The Cabinet Office is the data controller for the account information of staff of tenant organisations. The tenant organisation will be the data controller for any data that they collect and you should look at the Privacy Notice provided by the relevant site to understand how they use your personal data. The Cabinet Office acts as a data processor for personal data processed by tenants.
What data we collect from tenants
The personal data we collect from you as a tenant will include:
- your name
- your email address
- your mobile telephone number
- your organisational role
- your IP address
We need this information to provide a service that is in the public interest, as some of the apps we host on GOV.UK PaaS are used by the public to access government services.
Why we need data from tenants
We use this information to:
- create and manage user accounts on GOV.UK PaaS
- identify you while you use it
- keep the platform secure from unauthorised access
What we do with tenants’ data
We store the data you provide to:
- get in contact to reply to your queries
- make your user account function correctly
- manage your user account
- send you service related updates and notices
- send you value-add emails but only with your consent
We will not:
- sell or rent your data to third parties
- share your data with third parties for marketing purposes
We will share your data if we are required to do so by law – for example, by court order, or to prevent fraud or other crime.
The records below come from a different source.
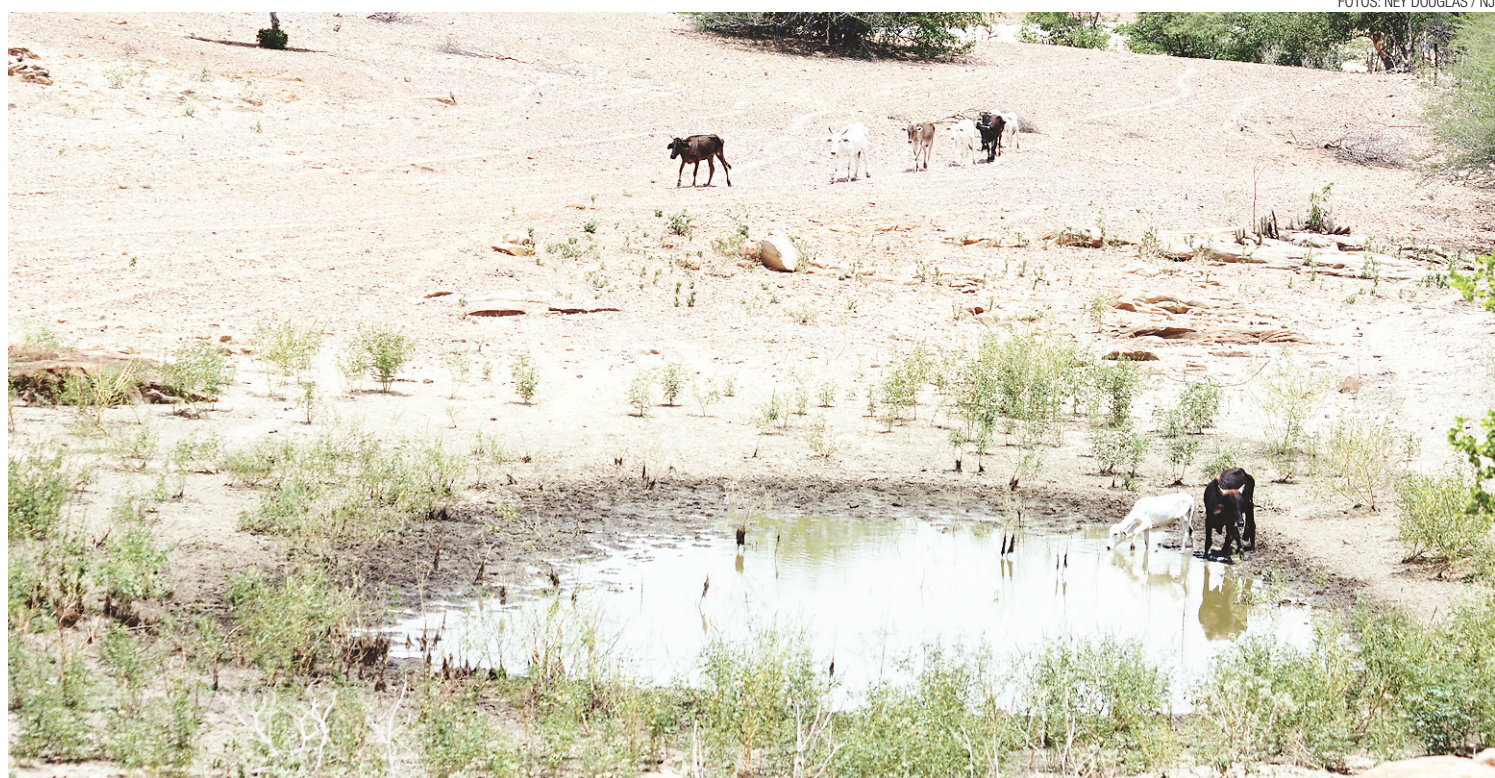
▶ Fazenda Pedreiras, em Caicó: o gado procura mas quase não encontra água

Ele também tem dificuldades para contratar pessoal. Os programas do governo federal, criticou, afastaram a mão-de-obra. Mesmo pagando R$ 30,00 por meio-dia de trabalho, é cada vez mais escassa a mão-de-obra para queimar sodoro.
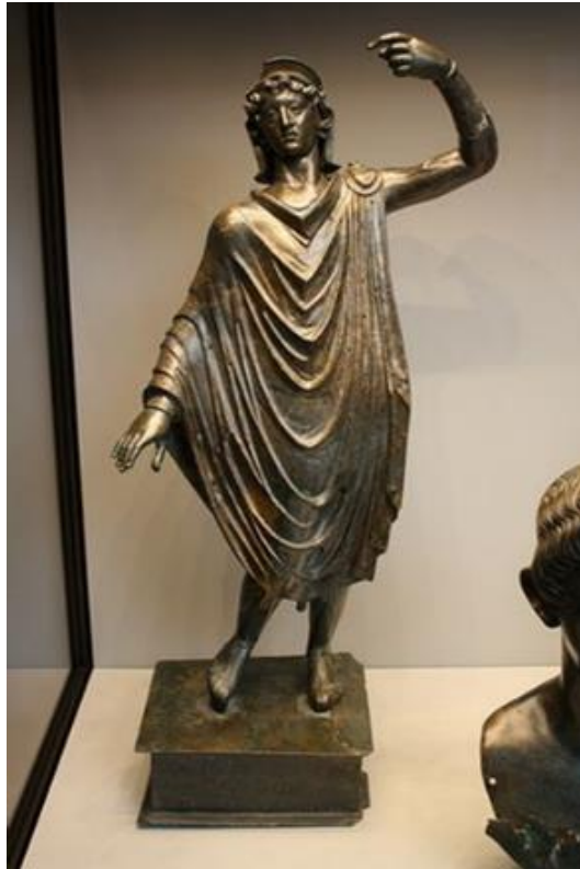
Res. 4: Mars Cohanus ( https://www.getty.edu/art/collection/object/10402K )
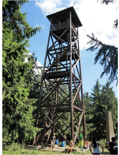
Hölzerner Aussichtsturm Radziejowa auf 1.255 m

Ein steiler, anstrengend zu wandernder Geröllpfad führte zum Aussichtsturm Radziejowa 1.255 m. Der hölzerne Turm ist wegen seiner außergewöhnlichen Aussicht ein „Highlight“ auf dieser Wanderetappe. Vom Aussichtsturm gingen wir, wie die meisten Wanderer, zur Schronisko na Przehybie und reihten uns in die lange Schlange vor der Getränke- und Essensausgabe ein.
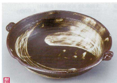
ス400-20 唐津刷毛目手付耐熱鉢(大) 28×φ25×7cm(萬古焼) 4,200円 ス400-21 唐津刷毛目手付耐熱鉢(小) 24×φ21×6cm(萬古焼) 3,000円

How long we keep data from tenants
We will only retain your personal data for as long as:
- the law requires us to
- we need to provide this service
In general, this means that we will only hold your personal data for a minimum of 1 year and a maximum of 2 years.
We will delete your personal data when you ask us to remove your user account. It might take up to 35 days for your data to be completely cleared from our logs and back-ups.
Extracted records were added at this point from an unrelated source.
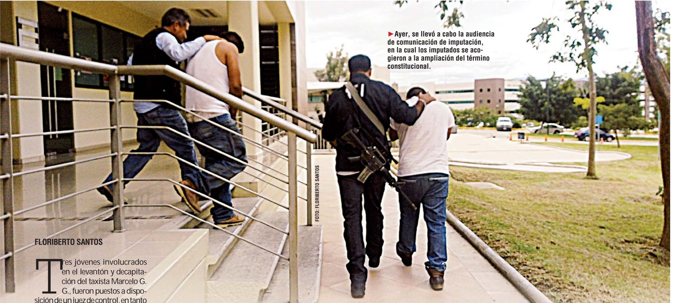
► Ayer, se llevó a cabo la audiencia de comunicación de imputación, en la cual los imputados se acogieron a la ampliación del término constitucional.

policiaa@imparcialenlinea.com / Teléfono 501 83 00 Ext. 3176
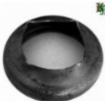
Переходник на трубу, арт. 8.1026060 д=102мм, переход на кв.60x60мм Вес: 0.31 кг Цена: 150 руб.
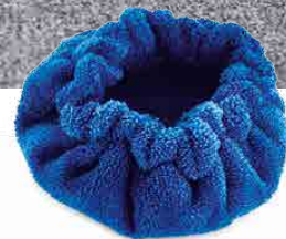
MICROFIBER BONNET BONNET DE MICROFIBRE CAPUCHA DE MICROFIBRA MIKROFASERHAUBE
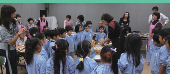
11月 世代間交流(南幼稚園児との交流会)
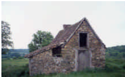
Bourdels le Haut, Saint-Méard

Une eau naturellement discrète révélée par le travail de l'homme. La planche (le pont) constituée de dalles de granite enjambe le petit ruisseau.
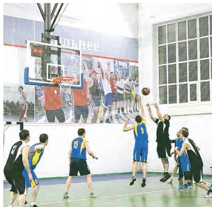
Жаркий момент на игровой площадке

С 14 по 22 ноября баскетболисты первой группы цехов отчаянно сражались за победу. А в финале турнир столкнул лучших игроков комбината. Баскетбол для большинства из них не просто хобби - с самого детства наши спортсмены связаны с этим видом спорта, некоторым довелось быть участниками высшей лиги. Соревнование получилось весьма зрелищным и импульсивным. Невероятные по накалу страстей
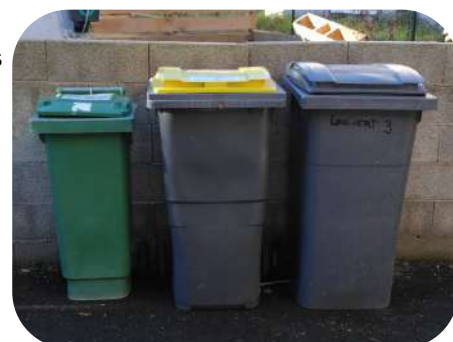
Points d'apport volontaire et bacs individuels
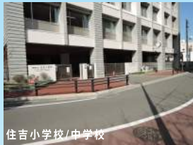
住吉小学校/中学校

What data we collect from end users
The personal data we collect from end users will include:
- their IP address
- any cookies that are set by your service
We need this information to provide a service that is in the public interest, as some of the apps we host on GOV.UK PaaS are used by the public to access government services.
Why we need your end users’ data
We need this information to make sure the platform can meet the demand created by end users who access the services hosted on it.
What we do with your end users’ data
We use the data provided to:
- ensure the security of your service if any cookie you set has that purpose
- monitor the load placed on the platform
- monitor the security of GOV.UK PaaS
We will not:
- sell or rent your end users’ data to third parties
- share your end users’ data with third parties for marketing purposes
We will share your end users’ data if we are required to do so by law – for example, by court order, or to prevent fraud or other crime.
How long we keep your end users’ data
We will only retain your end users’ personal data for as long as:
- the law requires us to
- we need to provide this service
In general, this means that we will only hold their personal data for a minimum of 1 day and a maximum of 30 days.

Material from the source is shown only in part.